0

I've always heard that Spark is 100x faster than classic Map Reduce frameworks like Hadoop. But recently I'm reading that this is only true if RDDs are cached, which I thought was always done but instead requires the explicit cache () method.

I would like to understand how all produced RDDs are stored throughout the work. Suppose we have this workflow:

  1. I read a file -> I get the RDD_ONE
  2. I use the map on the RDD_ONE -> I get the RDD_TWO
  3. I use any other transformation on the RDD_TWO

QUESTIONS:

if I don't use cache () or persist () is every RDD stored in memory, in cache or on disk (local file system or HDFS)?

if RDD_THREE depends on RDD_TWO and this in turn depends on RDD_ONE (lineage) if I didn't use the cache () method on RDD_THREE Spark should recalculate RDD_ONE (reread it from disk) and then RDD_TWO to get RDD_THREE?

Thanks in advance.

3 Answers3

1

In spark there are two types of operations: transformations and actions. A transformation on a dataframe will return another dataframe and an action on a dataframe will return a value.

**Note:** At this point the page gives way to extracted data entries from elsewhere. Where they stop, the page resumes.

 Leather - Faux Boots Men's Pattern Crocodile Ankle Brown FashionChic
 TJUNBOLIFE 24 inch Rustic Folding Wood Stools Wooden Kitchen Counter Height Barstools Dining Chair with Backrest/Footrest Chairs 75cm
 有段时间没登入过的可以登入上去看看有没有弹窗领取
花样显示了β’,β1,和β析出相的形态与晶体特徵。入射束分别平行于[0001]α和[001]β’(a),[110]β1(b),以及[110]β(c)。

Transformations are lazy, so when a transformation is performed spark will add it to the DAG and execute it when an action is called.

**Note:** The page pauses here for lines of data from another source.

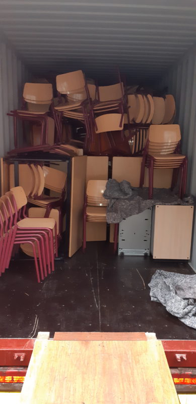 Dankzij een gulle gift van De Rooi Pannen in Tilburg in samenwerking met Aarts&Co Tilburg en Lionsclub Regte Heide Tilburg hebben wij een 40Hub container vol met schoolmeubilair en twee bedden naar Kenya kunnen verschepen.
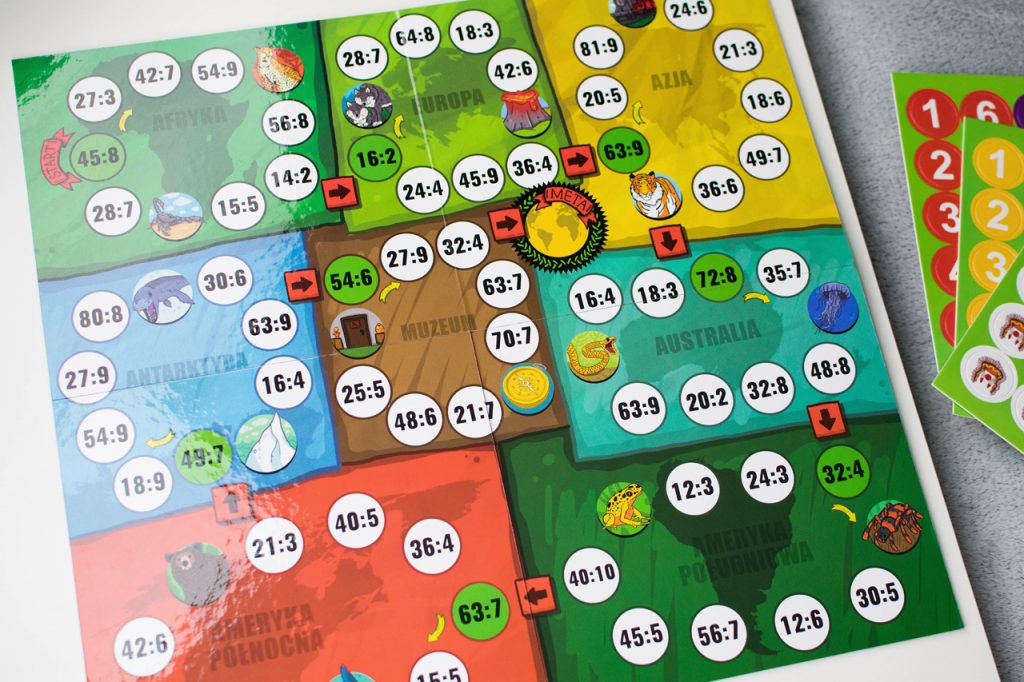 Dzielni podróżnicy wyruszą w świat by zebrać najróżniejsze pamiątki charakterystyczne dla poszczególnych kontynentów. Bardzo fajna propozycja ćwicząca umiejętność dzielenia. Po raz kolejny w tej serii zachwycają nietuzinkowe rozwiązania graficzne w projektowaniu plansz. Jak to mocno cieszy, że każda z plansz w tej serii jest całkowicie odmienna od pozostałych w tej serii. Nic chyba bardziej nie zniechęca do gry w nową pozycję jak powtarzający się koncept.
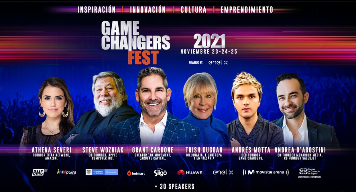 The Game Changers Fest 2021, is an event dedicated to creating inspiration, innovation, culture and entrepreneurship in today's youth. The conference will take place between November 23, 24 and 25 in Bogotá Columbia with the aim of encouraging the country's next generation of entrepreneurs to change their ways of thinking, business habits and driving force behind their ideas.
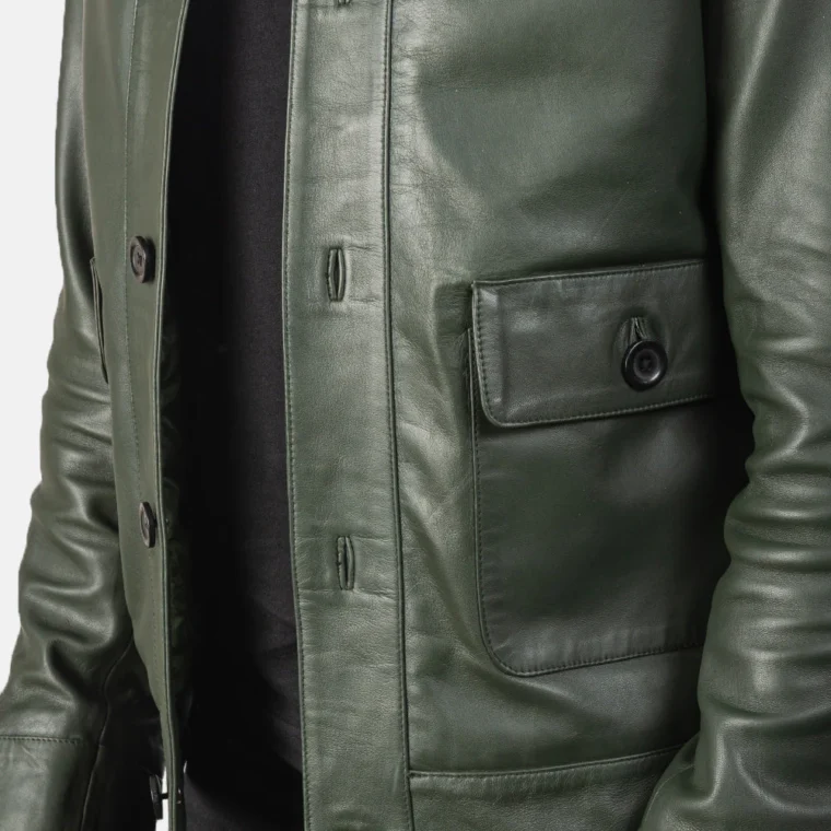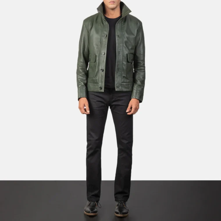 The Men’s Columbus Green Leather Bomber Jacket offers a fresh take on traditional leather outerwear. Its rich, deep green color and smooth genuine leather construction create a sophisticated look that is both striking and versatile. The jacket’s classic bomber silhouette is enhanced by a button-down front and functional flap pockets, providing a unique blend of heritage military style and modern-day fashion. It’s the perfect statement piece to elevate your casual or semi-formal wardrobe.

Suppose, you read a file into a dataframe, then perform a filter, join, aggregate, and then count. The count operation which is an action will actually kick all the previous transformation.

If we call another action(like show) the whole operation is executed again which can be time consuming. So, if we want not to run the whole set of operation again and again we can cache the dataframe.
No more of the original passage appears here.